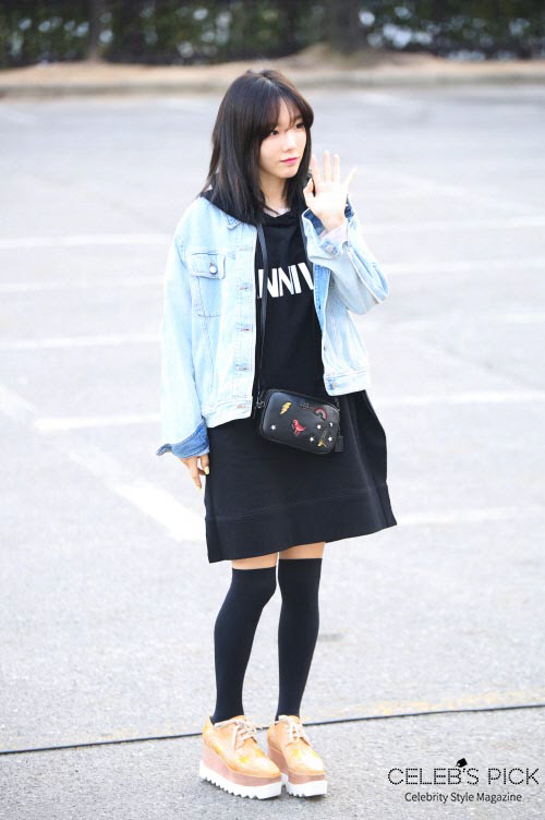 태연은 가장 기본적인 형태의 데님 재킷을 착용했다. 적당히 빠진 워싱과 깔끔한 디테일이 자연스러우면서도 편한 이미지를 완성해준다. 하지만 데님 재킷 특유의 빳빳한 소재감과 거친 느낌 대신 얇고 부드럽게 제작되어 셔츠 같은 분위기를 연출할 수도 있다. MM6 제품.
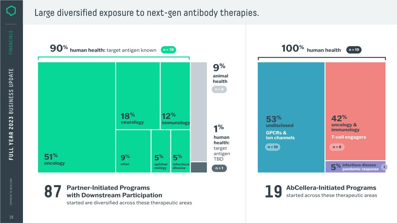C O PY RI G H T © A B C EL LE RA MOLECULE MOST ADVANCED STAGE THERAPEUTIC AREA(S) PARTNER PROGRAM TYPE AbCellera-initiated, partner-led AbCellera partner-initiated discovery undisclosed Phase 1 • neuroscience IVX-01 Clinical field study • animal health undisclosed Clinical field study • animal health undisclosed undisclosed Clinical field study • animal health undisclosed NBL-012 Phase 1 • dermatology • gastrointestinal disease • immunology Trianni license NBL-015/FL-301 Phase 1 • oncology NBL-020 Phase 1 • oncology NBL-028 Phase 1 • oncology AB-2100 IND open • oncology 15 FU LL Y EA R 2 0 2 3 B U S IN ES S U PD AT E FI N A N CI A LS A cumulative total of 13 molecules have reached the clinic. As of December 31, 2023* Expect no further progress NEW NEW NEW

════

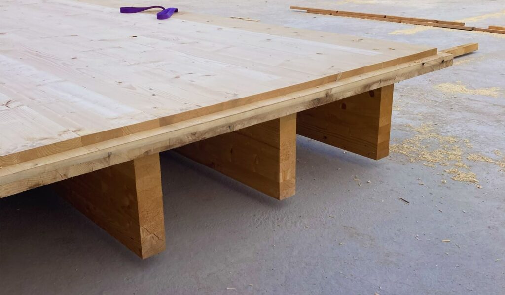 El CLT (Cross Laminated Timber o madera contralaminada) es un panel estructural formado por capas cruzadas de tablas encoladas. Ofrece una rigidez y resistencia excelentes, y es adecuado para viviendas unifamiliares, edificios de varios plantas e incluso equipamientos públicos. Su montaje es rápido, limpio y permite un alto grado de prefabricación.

════

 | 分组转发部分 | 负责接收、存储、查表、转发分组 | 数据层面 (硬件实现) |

════

▶ **WHAT YOU WILL DO**
Only the lines starting at the one that includes "태연은 가장 기본적인" and ending at the one that includes "C O PY RI G" should be retyped, exactly, from the records above; no pictures.

▶ **SOLUTION**
 태연은 가장 기본적인 형태의 데님 재킷을 착용했다. 적당히 빠진 워싱과 깔끔한 디테일이 자연스러우면서도 편한 이미지를 완성해준다. 하지만 데님 재킷 특유의 빳빳한 소재감과 거친 느낌 대신 얇고 부드럽게 제작되어 셔츠 같은 분위기를 연출할 수도 있다. MM6 제품.
C O PY RI G H T © A B C EL LE RA MOLECULE MOST ADVANCED STAGE THERAPEUTIC AREA(S) PARTNER PROGRAM TYPE AbCellera-initiated, partner-led AbCellera partner-initiated discovery undisclosed Phase 1 • neuroscience IVX-01 Clinical field study • animal health undisclosed Clinical field study • animal health undisclosed undisclosed Clinical field study • animal health undisclosed NBL-012 Phase 1 • dermatology • gastrointestinal disease • immunology Trianni license NBL-015/FL-301 Phase 1 • oncology NBL-020 Phase 1 • oncology NBL-028 Phase 1 • oncology AB-2100 IND open • oncology 15 FU LL Y EA R 2 0 2 3 B U S IN ES S U PD AT E FI N A N CI A LS A cumulative total of 13 molecules have reached the clinic. As of December 31, 2023* Expect no further progress NEW NEW NEW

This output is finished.